The search for optimal pressure reduction strategies: an example of nutrient reduction in the Sava basin. From left to right: (i) decision variables depends on administrative regions of the basin; (ii) an example of management strategy (table) in the decision space: the columns correspond to water pressure sources (four sectorial nutrient pollution); the rows refer to the administrative units; the values in the table are the rates of reduction of nutrient pollution (0–100%) of the strategy. (iii) Mapping of the strategy in the objective space by evaluating its outcomes in terms of effort and environmental impact. (iv) The two-dimensional objective space (Environmental stress vs Effort), in which Pareto optimal strategies defines the border of what can be achieved: point A belongs to the Pareto front of minimizing it achieves the same environmental outcome of point B but with a lower effort, and it achieves a larger environmental outcome than point C for the same effort.

Management strategies to reduce environmental pressures

ESPRES allows assessing environmental outcomes versus difficulties in tackling basin pressures. The efficiency of alternative management strategies to reduce pressures on water is evaluated in terms of the achievements of two contrasting objectives, an environmental one and a socio-economic one (effort).

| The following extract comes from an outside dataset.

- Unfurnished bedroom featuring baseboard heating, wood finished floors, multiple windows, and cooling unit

A management strategy consists of a set of decision variables on the rate of pressure reduction per sector (pressure source) and per region (spatial unit) (Fig. 1). Currently ESPRES has two modules, designed to consider two different water pressures. The Quantity module focuses on water stress, and comprises five sectors contributing to alterations of water quantity, namely domestic, energy, livestock, irrigation and industrial sectors. The Quality module tackles nutrient (specifically nitrogen) pollution; in this module four sectors are defined as main responsible for nitrogen emissions, namely nitrogen from manure fertilization, from mineral fertilization, from point sources, and from scattered dwellings.

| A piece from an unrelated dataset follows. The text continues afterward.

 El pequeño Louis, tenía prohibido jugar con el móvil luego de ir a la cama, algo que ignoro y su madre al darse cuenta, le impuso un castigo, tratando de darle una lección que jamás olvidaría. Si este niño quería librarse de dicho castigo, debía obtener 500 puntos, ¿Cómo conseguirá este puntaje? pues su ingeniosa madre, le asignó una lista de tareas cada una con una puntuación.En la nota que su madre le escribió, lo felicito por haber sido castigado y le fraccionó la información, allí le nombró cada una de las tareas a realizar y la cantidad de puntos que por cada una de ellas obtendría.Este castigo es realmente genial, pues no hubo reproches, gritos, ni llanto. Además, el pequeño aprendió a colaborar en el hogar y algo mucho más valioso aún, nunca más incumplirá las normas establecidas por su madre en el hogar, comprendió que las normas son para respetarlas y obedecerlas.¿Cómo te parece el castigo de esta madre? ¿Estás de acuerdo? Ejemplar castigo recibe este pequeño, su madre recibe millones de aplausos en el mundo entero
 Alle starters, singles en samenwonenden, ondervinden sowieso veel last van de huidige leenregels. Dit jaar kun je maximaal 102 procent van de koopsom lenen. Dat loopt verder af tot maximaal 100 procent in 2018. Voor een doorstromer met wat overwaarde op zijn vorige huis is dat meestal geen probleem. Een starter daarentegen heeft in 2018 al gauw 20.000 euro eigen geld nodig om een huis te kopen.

The spatial units are the administrative regions of the basin. Currently, ESPRES considers European Nuts2 regions (https://en.wikipedia.org/wiki/Category:NUTS_2_statistical_regions_of_the_European_Union). These are regarded as the relevant units for environmental planning, because at this level political decisions can be made independently. It is also possible to select a higher aggregation level. At the moment, ESPRES includes four European basins: Adige (Italy), Ebro (Spain), Evrotas (Greece), and Sava (Slovenia, Croatia, Bosnia and Herzegovina, Montenegro, Albania and Serbia), which are case studies of the Globaqua project (Navarro-Ortega et al., 2015; GLOBAQUA, 2018a, GLOBAQUA, 2018b). In the future, ESPRES will be extended to all European basins. The four basins are affected by water scarcity either due to climatic or societal reasons, but anthropogenic stressors acting on the freshwater network are different (Lutz et al., 2016). The number of administrative regions of a river basin depends on its size and geography: one in the Evrotas, four in the Adige, 10 in the Sava, and 11 in the Ebro. In this study, nutrient pollution in the transboundary Sava River Basin is taken as an example to illustrate the tool. Tutorials that extend analysis to water stress and to other basins are available on the ESPRES pages (www.espres.eu) and on the e-learning platform OpenTea (http://www.opentea.eu/en/e-learning/courses-Managing-the-effects-of-multiple-stressors-on-aquatic-ecosystems-under-water-scarcity.25/).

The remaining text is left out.